Our primary school have just done our annual Christmas Fair. We had the usual turnabout of asking people for donations then selling them their stuff back e.g. secret gifts, second half toys, jam jar tombola, booze tombola, cake stall. Plus Santa, cafe, games, crafts. It was an expensive three hours of hell for the parents and the kids loved it, sugar fuelled little monsters that they were by the end. We made money. Hurrah.
I am on my knees at the thought of putting the whole school community through this sh*t every year, it is so inefficient and we drive a lot of the parent body up the wall with it.
Anyone have words of advice/genius on how their school does an Christmas fundraiser for the kids that they will enjoy, still makes money, and doesn't p*ss off 80% of the parent body, including the 40% who turn up out of obligation?
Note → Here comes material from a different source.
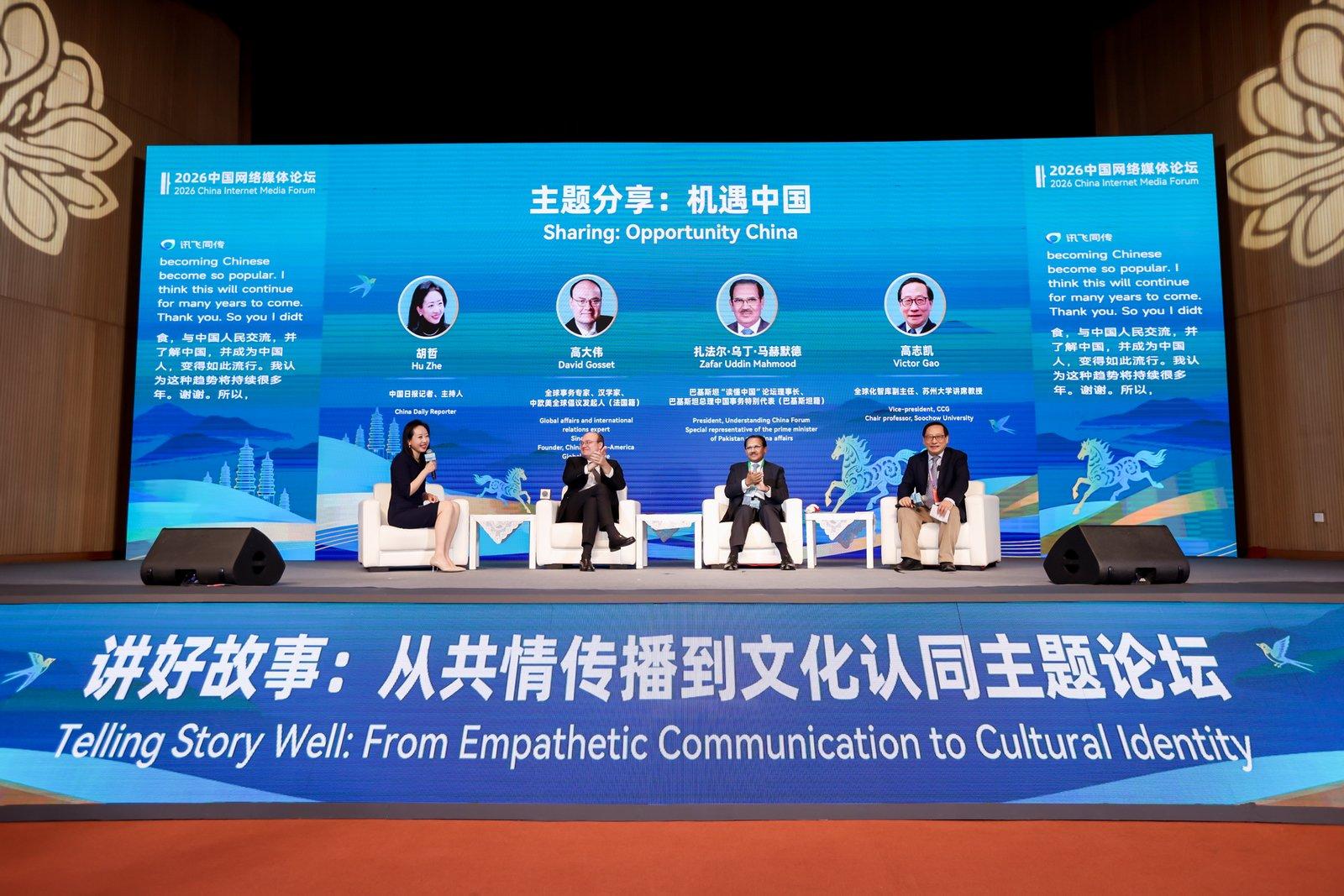 3月28日上午,2026中国网络媒体论坛——“讲好故事:从共情传播到文化认同”主题论坛在郑州举办。论坛以“故事演绎+主题分享”的形式,为来自世界各地的内容创作者搭建交流平台,多位嘉宾围绕“游”“购”“学”与“Becoming Chinese”,分享了他们眼中的“机遇中国”。
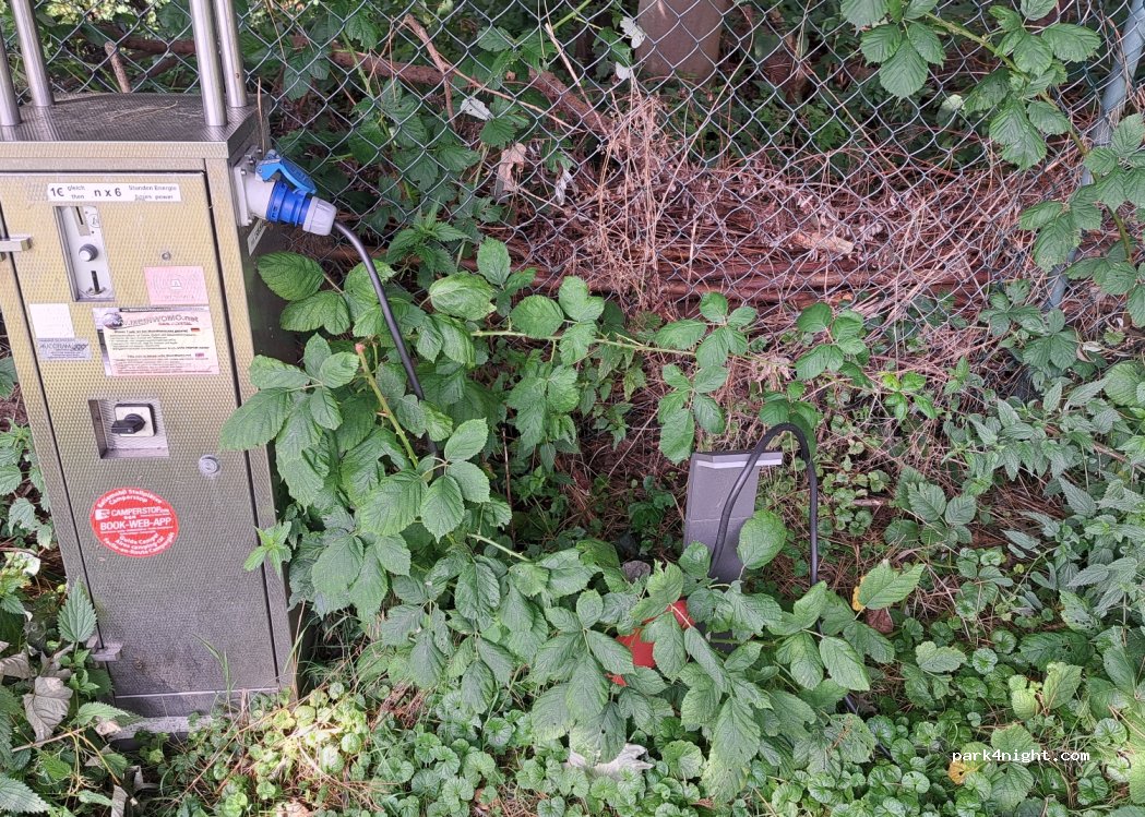 Paid parking space in the Fedderwardergroden district. The parking space is in a parking lot. Mostly flat place. Service on site: dogs allowed, fresh water, electricity, chemical toilet disposal, shower / outdoor pool. Leisure facilities at the outdoor pool. Disposal of gray water is difficult because four sides are fenced in, impossible. Toilet can be emptied. Entrance to the outdoor pool will be charged. max 3t

MrsPepperMintonCandyCane Tue 09-Dec-14 21:11:25

We do enterprise week. This week in numeracy they've lolkec at quantities/weights/measurements and designed biscuits, cakes, crackers and salt dough decorations. The children make them and have a stall per class selling them at a christmas enterprise fair. We do drinks and a raffle to go with it. We make profit and it's less stressful.

violetwellies Tue 09-Dec-14 21:14:02

Ours had a proper old fashioned jumble sale that was well received. By villagers as well as parents.
My Aunt helps run her church jumble and that has punters queuing down the street.

WhoKnowsWhereTheMistletoes Tue 09-Dec-14 21:15:17

Ours sounds just like that and I've never heard a parent complain about it, it is hot and crowded but that can't be helped. It's only one hour though, straight after school, so they haven't got to come in specially and they only stay as long as they want. It's a lot of work to run but it is a big moneyspinner.

BirminghamCityCentre Tue 09-Dec-14 21:20:57

Ours is three hours on a weekend so takes effort and endurance to attend, plus epic organisation that few are keen to get involved in. The key organisers were left thinking 'why why why are we putting everyone including ourselves through this'?? clearly, money is the answer. Maybe a scaled back version would be better/sustainable.

BirminghamCityCentre Tue 09-Dec-14 21:21:37

also liking enterprise week idea - do reception get involved in that too..?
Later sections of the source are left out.